Work to complete:
Pictures are to be omitted; everything else in the data must be transcribed exactly.

****

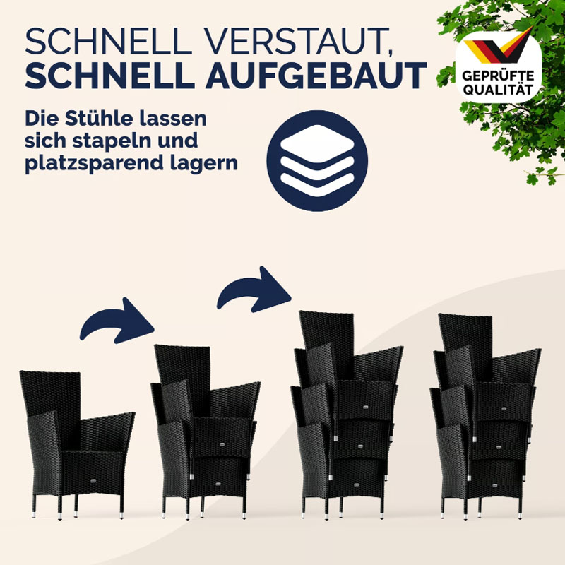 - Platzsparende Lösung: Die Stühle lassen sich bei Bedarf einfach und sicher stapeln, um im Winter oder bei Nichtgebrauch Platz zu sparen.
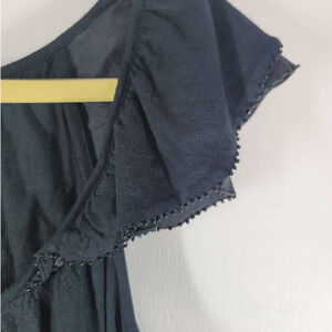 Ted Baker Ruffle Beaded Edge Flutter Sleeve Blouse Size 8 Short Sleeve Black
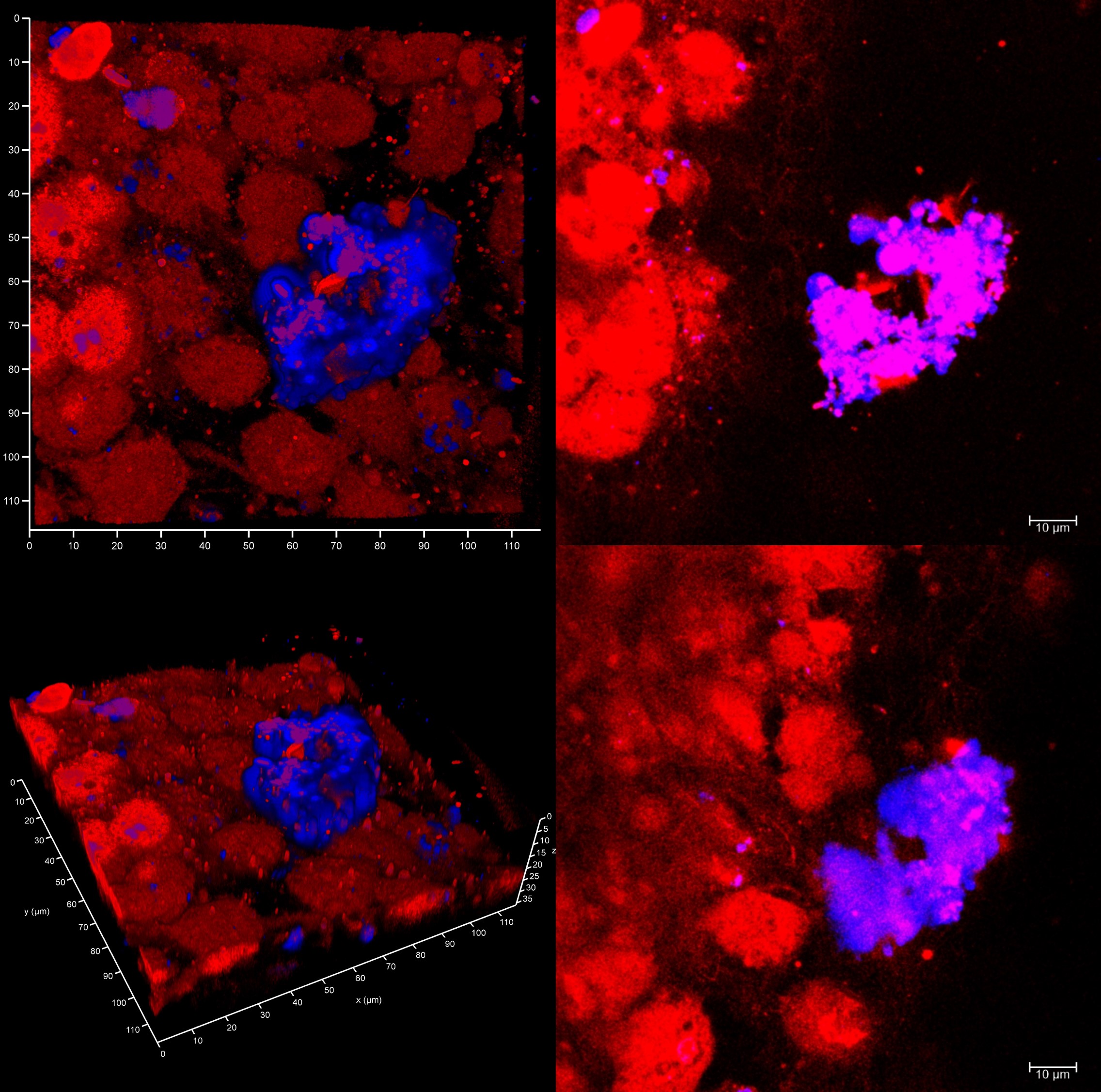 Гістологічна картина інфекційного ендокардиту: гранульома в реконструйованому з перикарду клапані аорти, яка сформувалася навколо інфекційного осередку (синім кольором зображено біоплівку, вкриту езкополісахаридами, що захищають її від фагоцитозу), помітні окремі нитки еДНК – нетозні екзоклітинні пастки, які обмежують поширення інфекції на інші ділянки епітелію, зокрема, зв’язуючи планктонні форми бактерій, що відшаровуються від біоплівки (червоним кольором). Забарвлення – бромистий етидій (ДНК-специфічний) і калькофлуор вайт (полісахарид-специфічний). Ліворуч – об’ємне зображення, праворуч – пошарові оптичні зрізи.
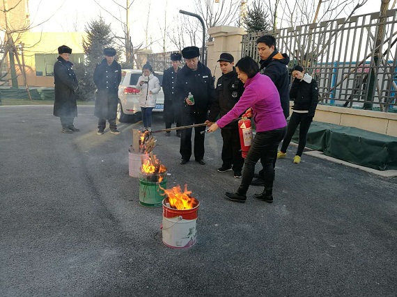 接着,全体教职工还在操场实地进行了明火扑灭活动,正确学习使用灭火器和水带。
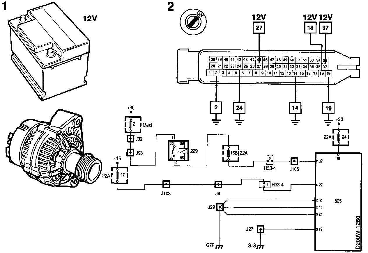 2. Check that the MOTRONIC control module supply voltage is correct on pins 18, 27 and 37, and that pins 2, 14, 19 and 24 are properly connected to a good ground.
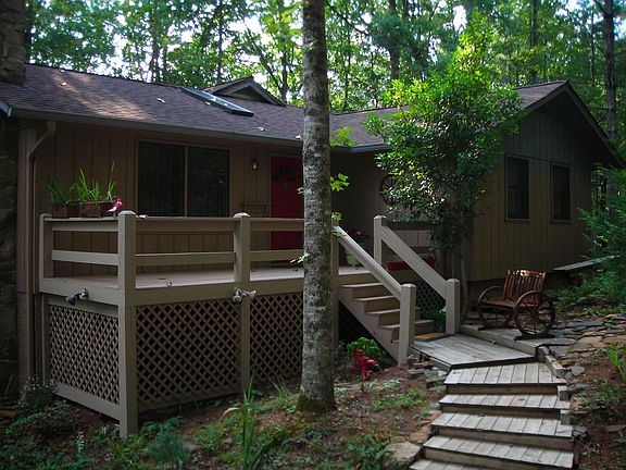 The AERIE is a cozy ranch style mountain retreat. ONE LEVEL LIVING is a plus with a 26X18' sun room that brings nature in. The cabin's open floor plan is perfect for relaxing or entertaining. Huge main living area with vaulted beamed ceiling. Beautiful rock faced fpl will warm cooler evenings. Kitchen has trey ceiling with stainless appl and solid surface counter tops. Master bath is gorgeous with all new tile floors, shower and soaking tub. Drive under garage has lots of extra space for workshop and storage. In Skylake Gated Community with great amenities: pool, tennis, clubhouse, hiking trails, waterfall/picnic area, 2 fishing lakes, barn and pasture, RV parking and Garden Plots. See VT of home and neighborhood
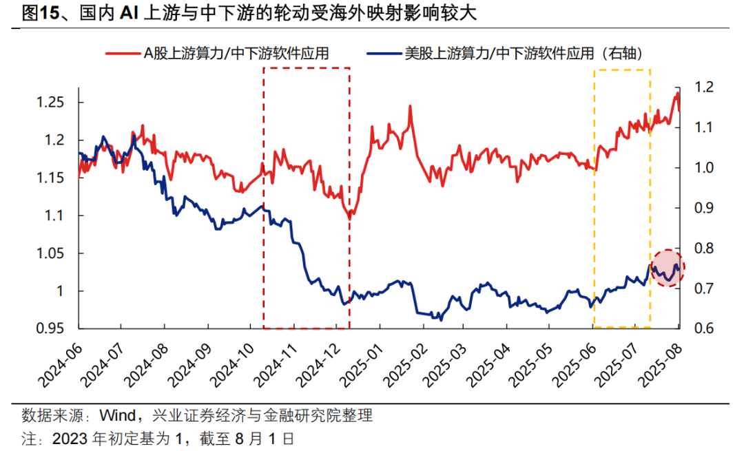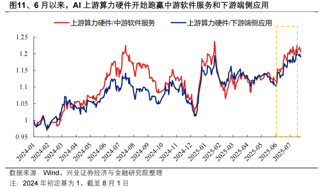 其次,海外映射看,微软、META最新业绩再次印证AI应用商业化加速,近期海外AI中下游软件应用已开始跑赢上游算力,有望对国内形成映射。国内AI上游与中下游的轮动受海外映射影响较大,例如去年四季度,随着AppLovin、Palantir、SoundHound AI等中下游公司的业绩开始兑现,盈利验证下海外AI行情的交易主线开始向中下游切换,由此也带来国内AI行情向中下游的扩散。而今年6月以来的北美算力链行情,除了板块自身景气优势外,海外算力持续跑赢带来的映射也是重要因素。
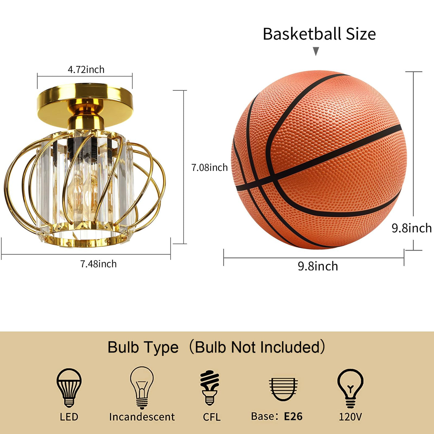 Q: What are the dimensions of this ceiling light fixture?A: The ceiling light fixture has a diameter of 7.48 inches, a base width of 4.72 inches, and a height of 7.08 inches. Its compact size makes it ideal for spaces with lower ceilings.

****

Solution for this exercise:
 - Platzsparende Lösung: Die Stühle lassen sich bei Bedarf einfach und sicher stapeln, um im Winter oder bei Nichtgebrauch Platz zu sparen.
 Ted Baker Ruffle Beaded Edge Flutter Sleeve Blouse Size 8 Short Sleeve Black
 Гістологічна картина інфекційного ендокардиту: гранульома в реконструйованому з перикарду клапані аорти, яка сформувалася навколо інфекційного осередку (синім кольором зображено біоплівку, вкриту езкополісахаридами, що захищають її від фагоцитозу), помітні окремі нитки еДНК – нетозні екзоклітинні пастки, які обмежують поширення інфекції на інші ділянки епітелію, зокрема, зв’язуючи планктонні форми бактерій, що відшаровуються від біоплівки (червоним кольором). Забарвлення – бромистий етидій (ДНК-специфічний) і калькофлуор вайт (полісахарид-специфічний). Ліворуч – об’ємне зображення, праворуч – пошарові оптичні зрізи.
 接着,全体教职工还在操场实地进行了明火扑灭活动,正确学习使用灭火器和水带。
 2. Check that the MOTRONIC control module supply voltage is correct on pins 18, 27 and 37, and that pins 2, 14, 19 and 24 are properly connected to a good ground.
 The AERIE is a cozy ranch style mountain retreat. ONE LEVEL LIVING is a plus with a 26X18' sun room that brings nature in. The cabin's open floor plan is perfect for relaxing or entertaining. Huge main living area with vaulted beamed ceiling. Beautiful rock faced fpl will warm cooler evenings. Kitchen has trey ceiling with stainless appl and solid surface counter tops. Master bath is gorgeous with all new tile floors, shower and soaking tub. Drive under garage has lots of extra space for workshop and storage. In Skylake Gated Community with great amenities: pool, tennis, clubhouse, hiking trails, waterfall/picnic area, 2 fishing lakes, barn and pasture, RV parking and Garden Plots. See VT of home and neighborhood
 其次,海外映射看,微软、META最新业绩再次印证AI应用商业化加速,近期海外AI中下游软件应用已开始跑赢上游算力,有望对国内形成映射。国内AI上游与中下游的轮动受海外映射影响较大,例如去年四季度,随着AppLovin、Palantir、SoundHound AI等中下游公司的业绩开始兑现,盈利验证下海外AI行情的交易主线开始向中下游切换,由此也带来国内AI行情向中下游的扩散。而今年6月以来的北美算力链行情,除了板块自身景气优势外,海外算力持续跑赢带来的映射也是重要因素。
 Q: What are the dimensions of this ceiling light fixture?A: The ceiling light fixture has a diameter of 7.48 inches, a base width of 4.72 inches, and a height of 7.08 inches. Its compact size makes it ideal for spaces with lower ceilings.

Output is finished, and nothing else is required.